Do you do the project yourself . . . or empower a team member?
This is a classic dilemma for leaders. On one hand, you know how you would like the project to go. On the other, you will never maximize the impact of your team if you do not give them new assignments.
Following are some guidelines to use to make your empowerment of team members actually work:
*Prepare Yourself to Give Up Control. This is not easy, especially if you are a perfectionist. You have to remind yourself that there are many different ways of doing something well – not just your way. And everything does not need to be done perfectly.
*Clarify Decision Making Roles. Make sure the team member understands their authority and accountability – when they need to check back in with you and when they do not. Make sure they feel comfortable with a project with moderate consequences before increasing the stakes. Build up responsibility over time.
*Show You Believe in Your People. Tell them that you appreciate their talents and you are confident in them. At the same time, don’t “dump and disappear.” Make yourself available as appropriate. If they bring you a problem they encounter, ask for their recommendation – do not solve it for them.

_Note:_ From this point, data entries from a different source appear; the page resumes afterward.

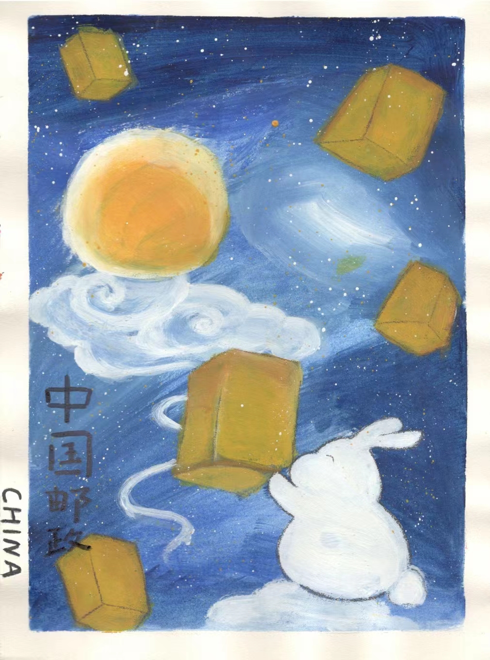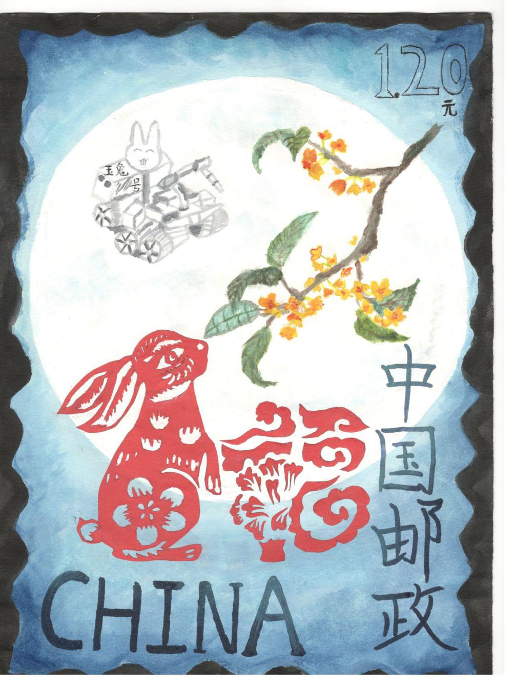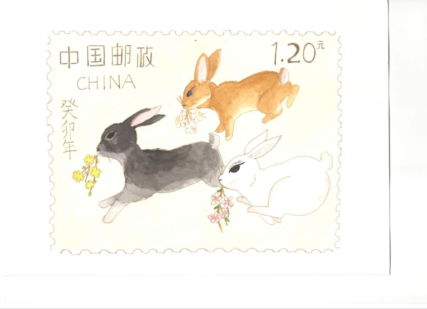 介紹:為了迎接是癸卯年,我設計了該郵票。郵票名為《雙兔送福圖》。一只是紅色剪紙兔子,在月光下輕嗅桂香,有意展現中國傳統神話中的玉兔和桂樹。一只是玉兔號,中國首輛月球車,富有時代氣息。迎春當然少不了福,于是運用中國剪紙制作了祥云福字,再加上齒孔,面值,銘記,就構成了這張郵票。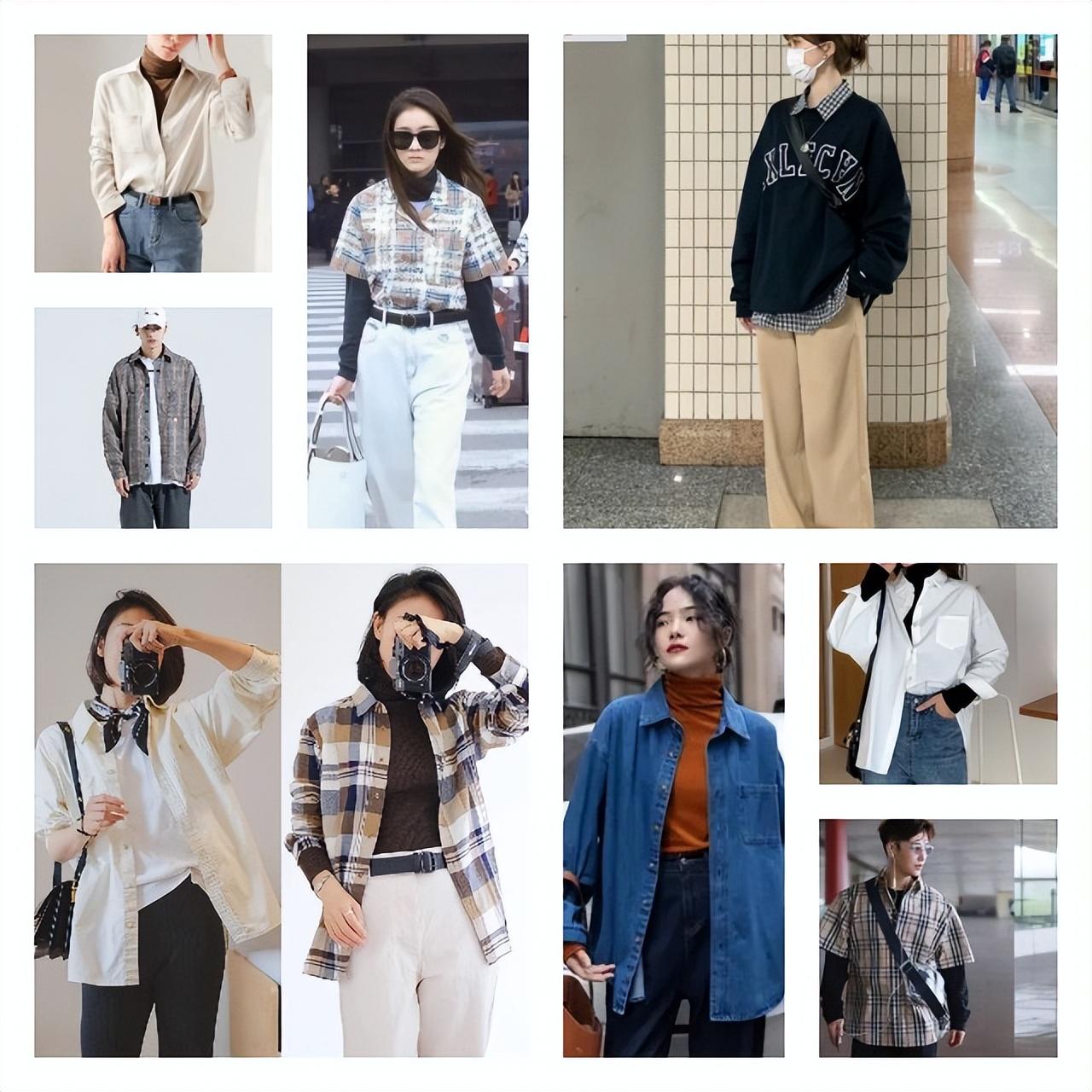 Long-sleeved T-shirts are layered with shirts. Different layering methods create different styles.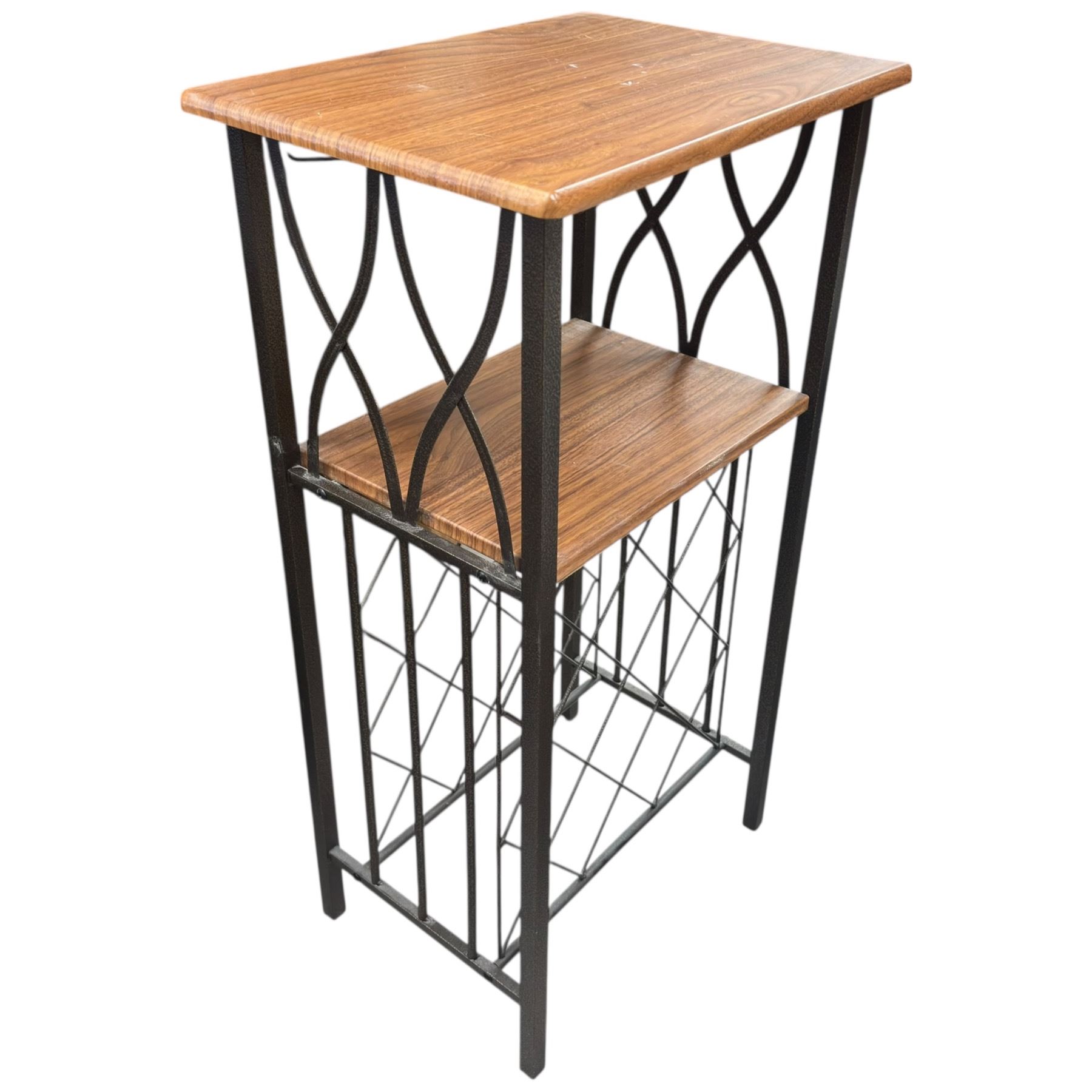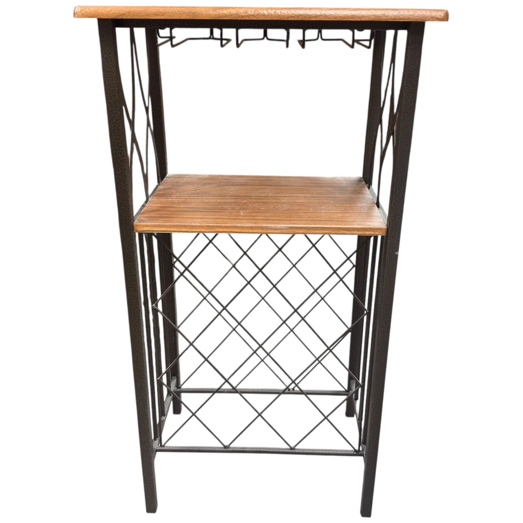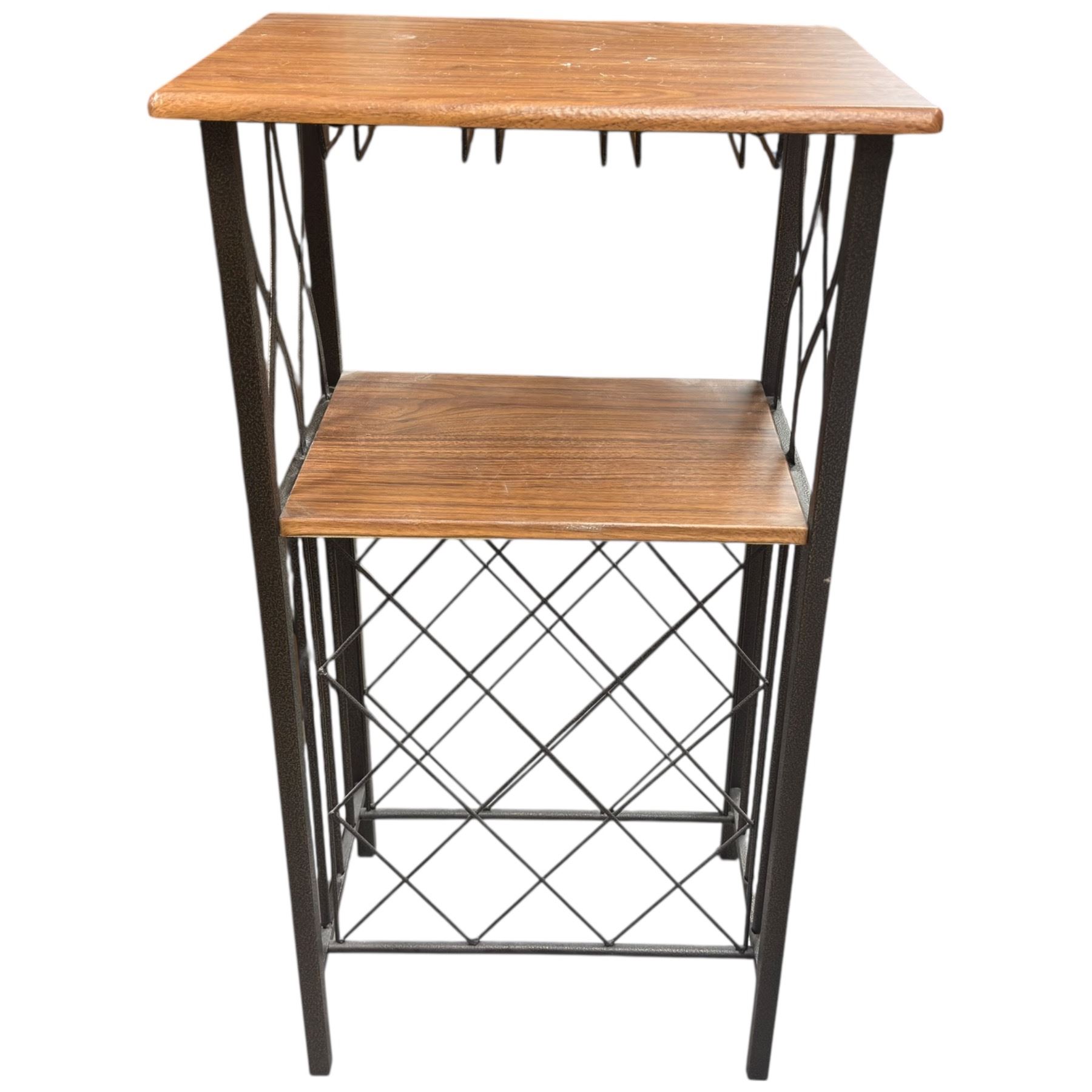Wine rack and wine glass storage nook featuring a faux wood top and metal construction. Dimensions are Length 14.5-Inch, Width 19.5-Inch, Height 36-Inch. Item is as pictured.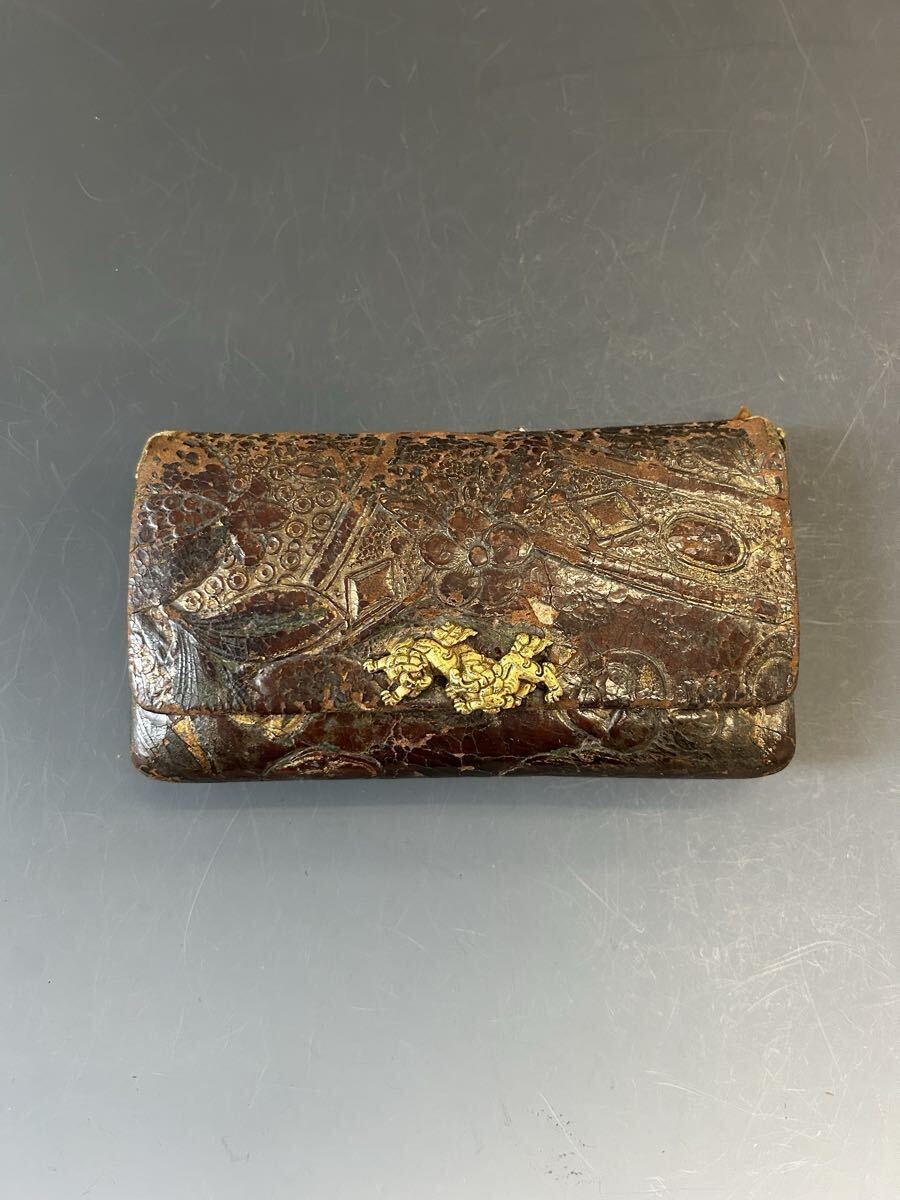 - 煙草入れ カマス 金唐革 提物 獅子金具 提げ物

*Acknowledge and Learn. Make sure to publicly acknowledge the great work someone does on a project. And then, insist on an After-Action Review. (For more on AARs, see this.) Ask the person you delegated to for a report on lessons learned.
As you empower others, you free yourself to take on new, innovative projects. This can help lead your organization into new areas of success and impact. In the meantime, you are growing and developing the talent pipeline of your organization. Empowerment is a win-win.
*Ideas for this blog taken from: Lancefield, D. “5 Strategies to Empower Employees to Make Decisions,” Harvard Business Review online, March 20, 2023.